La campagna di vendita 2022/2023 si è aperta con alcuni elementi anomali rispetto alla consuetudine
(come vi abbiamo descritto nell’articolo di ieri e di mercoledì), in continuità con la campagna appena
conclusasi.

Insieme al risicoltore Giacomo Mezza, presidente di Anga Vercelli-Biella, abbiamo deciso di analizzare i temi
caldi del momento. «L’offerta sembra poco disposta alla vendita in questo momento, avendo
ormai potuto quantificare i problemi di produzione e resa occorsi in questa difficile campagna. La partenza
dei listini è in linea con le mie aspettative in tutte le voci. Di riso per il mercato interno ne avremo poco,
viste le note difficoltà irrigue occorse in diversi areali risicoli vocati ad esso. Sapevamo, inoltre, che con il
decadimento della clausola e il calo dei noli di trasporto si sarebbe visto un flusso di importazioni in crescita
e sapevamo che questo avrebbe interessato maggiormente gruppi come tondo e lungo B. Quest’ultimo in
particolare comprende, in esclusiva, i risi con tecnologia Provisia, che è adottata necessariamente da
moltissimi risicoltori ormai e dovrebbe aver coperto 44mila ha di superficie a riso in questa campagna.
La produzione è stata complessa anche nelle zone non colpite dalla siccità, dove si sono riscontrati
importanti cali nelle rese a causa, probabilmente, delle elevatissime temperature registrate in fioritura.
Anche questo fattore, però, potrebbe aver influito meno sugli “indica”, maggiormente adatti ai climi caldi,
oltre che meno coltivati nelle zone più colpite dalla siccità. Anche i tondi sembrano non avere problemi di
disponibilità, forse in seguito al maggior investimento di superficie fatto nella scorsa primavera a causa dei
prezzi elevati.

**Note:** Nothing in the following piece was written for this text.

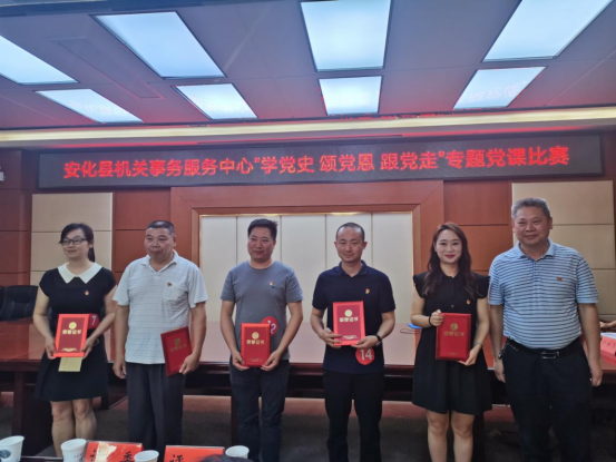 为庆祝中国共产党成立100周年,深入开展党史学习教育,大力宣传党的光辉历程和丰功伟绩,推动中心党员干部学史明理、学史增信、学史崇德、学史力行。6月24日,安化县机关事务服务中心举办“学党史、颂党恩、跟党走”党史学习教育专题党课比赛。 “将为民奉献的初心,根植于灵魂,融化于血液、落实在普通工作生活中,在为群众办好的每件实事里……”参赛选手们紧扣“学党史 颂党恩 跟党走”为主题,结合自身岗位实际,通过一个个典型事例和身边故事,让党史学习教育内化于心、外化于行,凝聚起党员干部感党恩、听党话、跟党走的磅礴力量。在场的观众倾听着一幕幕暖心的画面、一个个感人肺腑的故事、一句句铿锵有力的誓言,直击观众灵魂深处,久久不能平静。随后,中心党组成员为获得一、二、三等奖的选手进行颁奖。 中心党员干部李璐感慨地说道:“通过此次党课比赛,让我更加了解党史、国史及安化史,使我在今后工作中,将严格要求自己,做好本职工作,更好的服务于群众”。 下一步,中心将进一步加强党员党史学习教育,坚定党员理想信念,铸牢党员信仰根基,坚定永远跟党走的信念,增强责任感和使命感,在各自的岗位上担当作为,为庆祝党的百年华诞献礼。

Questi fattori potrebbero portarci ad avere un mercato spaccato in due nel corso di questa
annata, con varietà molto più apprezzate di altre ma poco disponibili.
In definitiva mi auguro che i prezzi possano assorbire le spese produttive, che abbiamo visto crescere molto
nell’ultima campagna, e magari tamponare i danni da siccità grazie al prezzo ancora più premiante proprio
per i risi maggiormente coltivati dove questa ha colpito in modo importante». Autore Ezio Bosso.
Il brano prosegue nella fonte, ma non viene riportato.